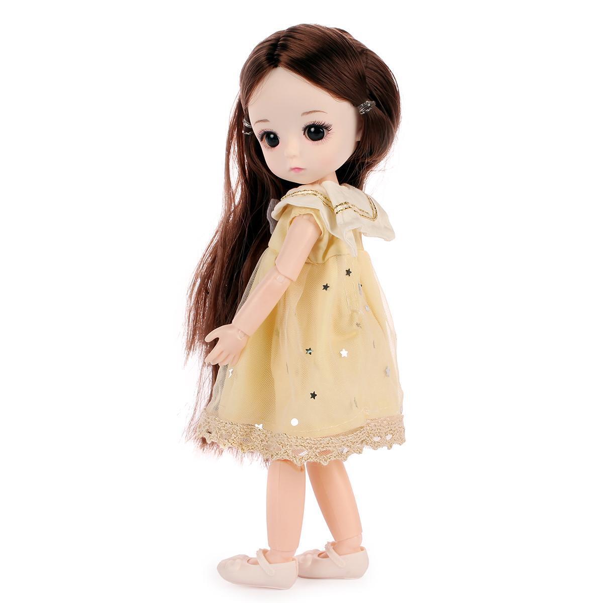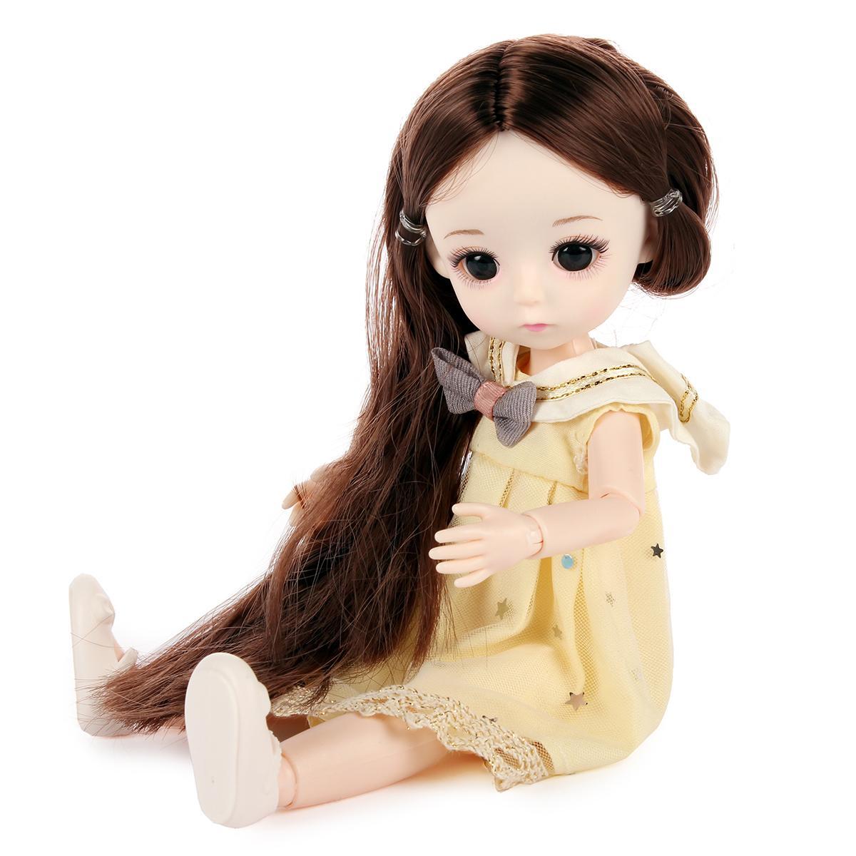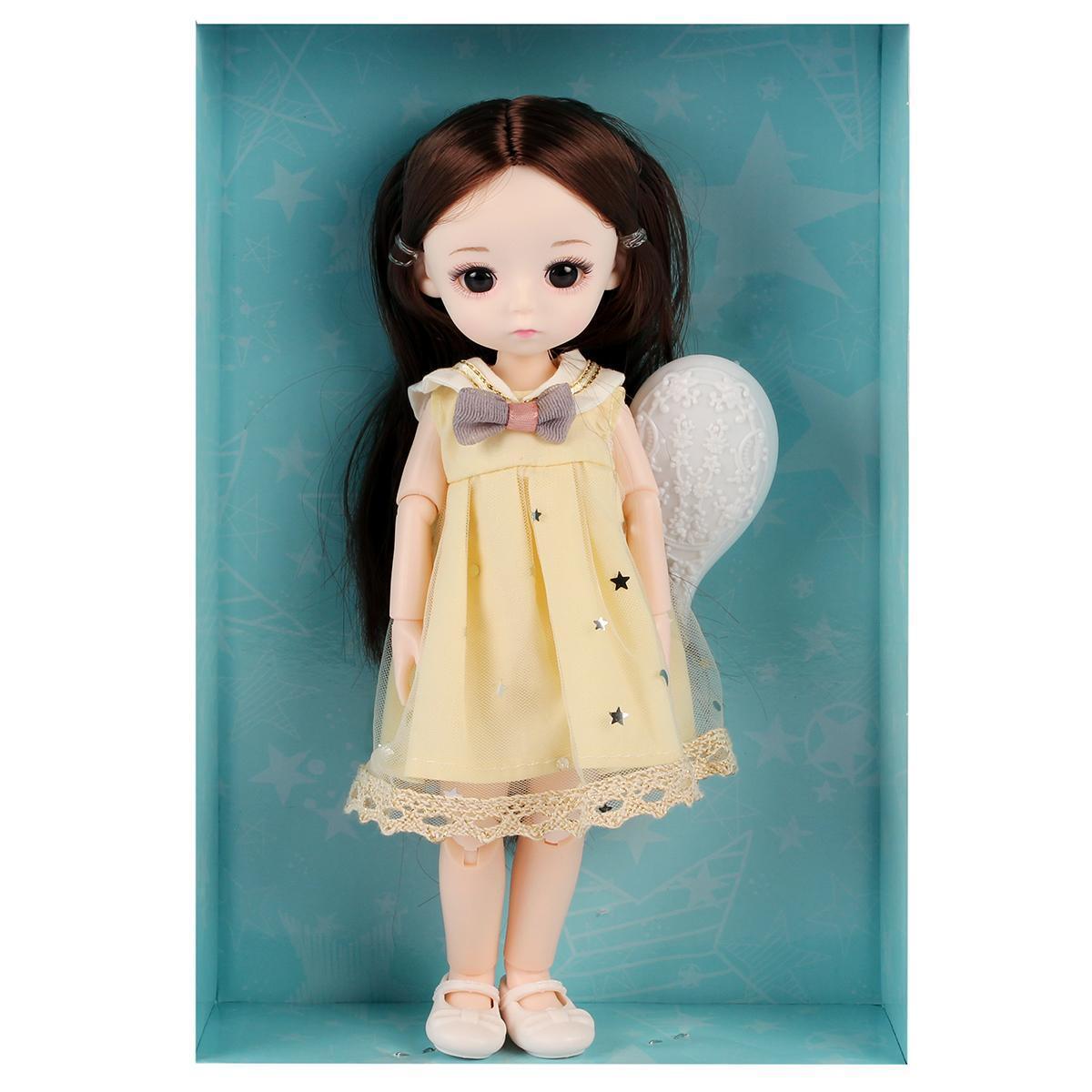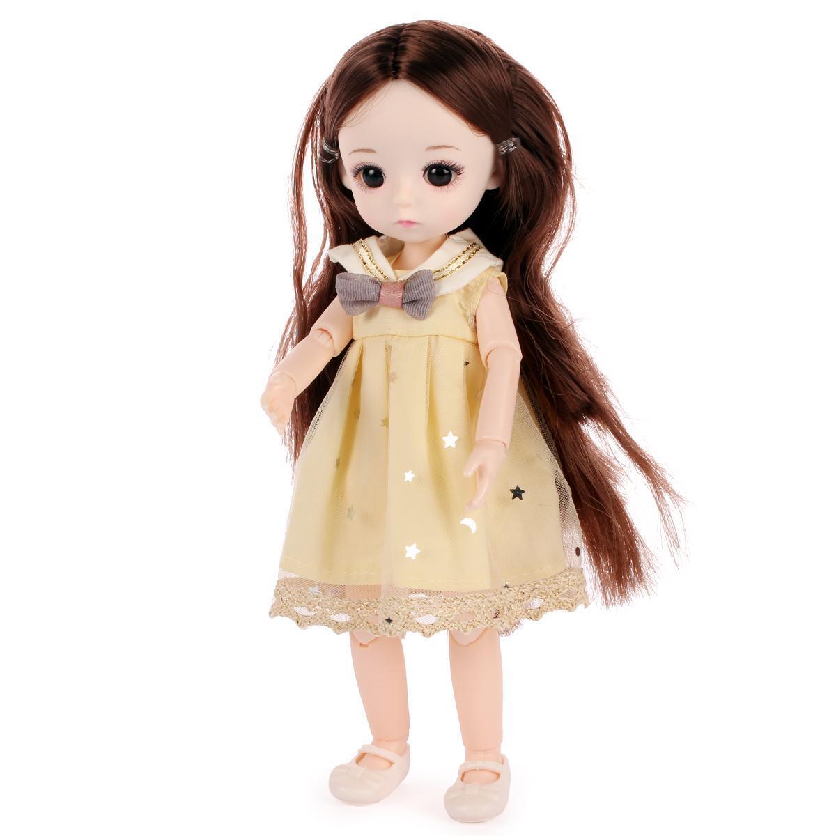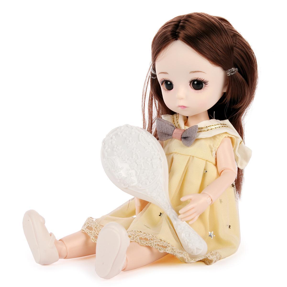 Рост куклы — 23 см (идеально для маленьких рук). Упаковка размером 17,3×6,5×26,5 см удобна для хранения аксессуаров. Жёлтое платье с серым бантом и кружевным подолом легко стирается. Подвижные суставы сохраняют фиксацию даже после активных игр.
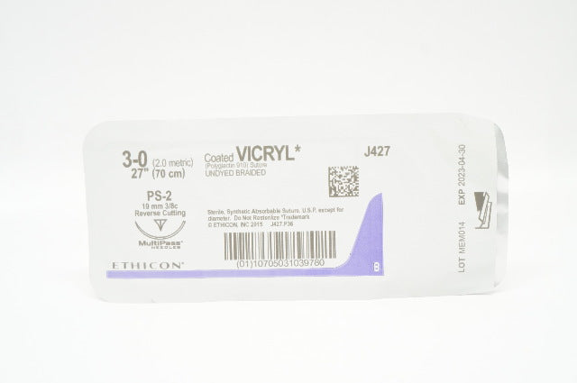 Ethicon J427 3-0 Coated VICRYL PS-2 19mm 3/8c Reverse Cutting 27inch (x)
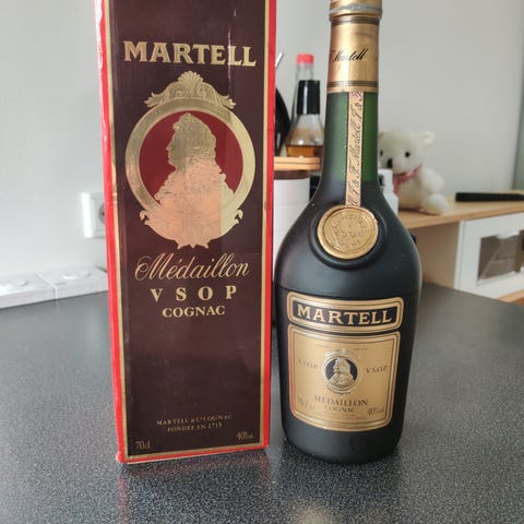 Vin og spiritus, Cognac, Martell V.S.O.P. Medaillon Cognac, Flaskerne er nok fra 1980'erne. Prisen er for 3 flasker.
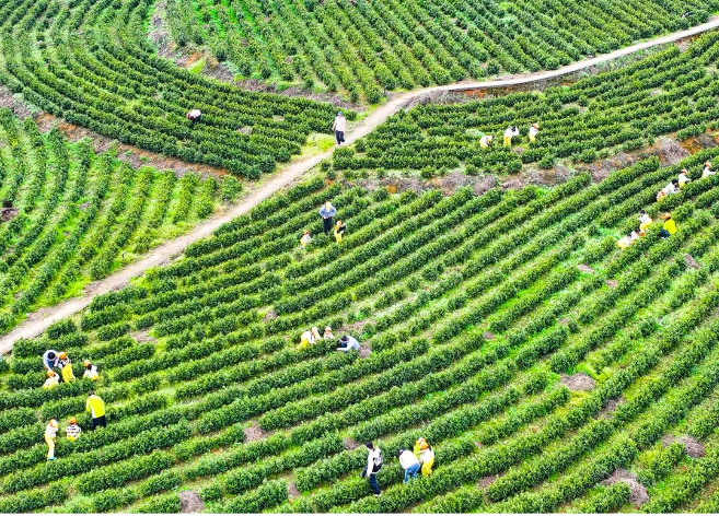 春和景明,茶香满园。在播州区泮水镇永定村的生态白茶基地里,1200余亩白茶嫩芽争先吐露芳香,茶农们腰挎竹篓,穿梭在茶垄间,手指翻飞间,一颗颗饱含春意的鲜嫩茶芽落入篓中,勾勒出一幅生动的春日采茶图。
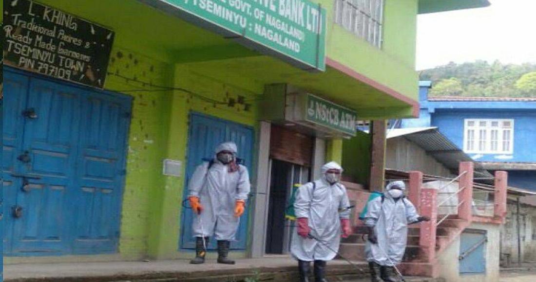 Frontline workers, fight against Covid-19 pandemic ready for routine fumigation of disinfectants at key places in Tseminyu Town, 21st April 2020.
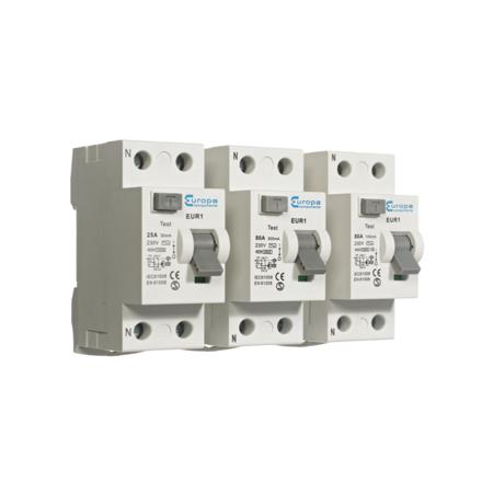 Europa EUR1 RCCB, 63A, 2 Pole, 30mA, Type A, 230V ac
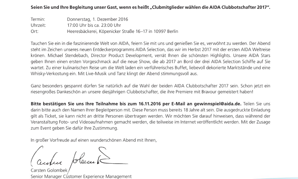 Einladung von Aida nach Berlin zur Wahl der Clubbotschafter 2017
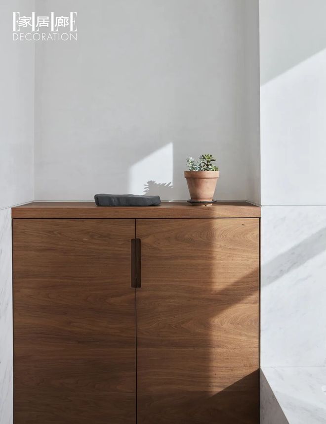温润铺满地板、家具,墙面大面积留白,绿植的影子在光的折射下,在白墙上留下摇曳姿态,家的空间里藏着自然的松弛与治愈。橱柜或是白色、或是和地板一样的橡木原色,这样空间里的艺术品或物品会产生有趣的投影,这也是Dana注重的设计细节。
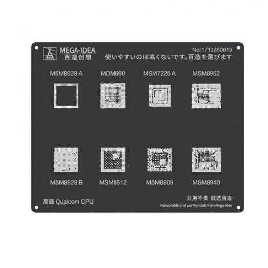 MEGA-IDEA Black Stencils QUALCOM CPU – is born for rebelling tin balls, bring you unique using experience, making every tin ball round and full. Professional builder of black rebelling stencils.  great ordinarily. economic but functional. With multiple polish and test, all series of rebelling tools for apple and android phone chips finally come out.
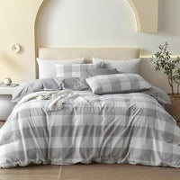 JIYUAN 100% Washed Cotton Duvet Cover Set 3 Pieces King, 1 Duvet Cover 104x90 Inches(Comforter Not Included) and 2 Pillowcases,Linen Feel Bedding Set Comfy and Breathable, Heathered Plaid Grey
━━━━━━
Brief:
Pictures do not belong in the copy. Repeat only the lines from the top of the records through the line containing "春和景明,茶香满园。在播州区".

Response below:
 Рост куклы — 23 см (идеально для маленьких рук). Упаковка размером 17,3×6,5×26,5 см удобна для хранения аксессуаров. Жёлтое платье с серым бантом и кружевным подолом легко стирается. Подвижные суставы сохраняют фиксацию даже после активных игр.
 Ethicon J427 3-0 Coated VICRYL PS-2 19mm 3/8c Reverse Cutting 27inch (x)
 Vin og spiritus, Cognac, Martell V.S.O.P. Medaillon Cognac, Flaskerne er nok fra 1980'erne. Prisen er for 3 flasker.
 春和景明,茶香满园。在播州区泮水镇永定村的生态白茶基地里,1200余亩白茶嫩芽争先吐露芳香,茶农们腰挎竹篓,穿梭在茶垄间,手指翻飞间,一颗颗饱含春意的鲜嫩茶芽落入篓中,勾勒出一幅生动的春日采茶图。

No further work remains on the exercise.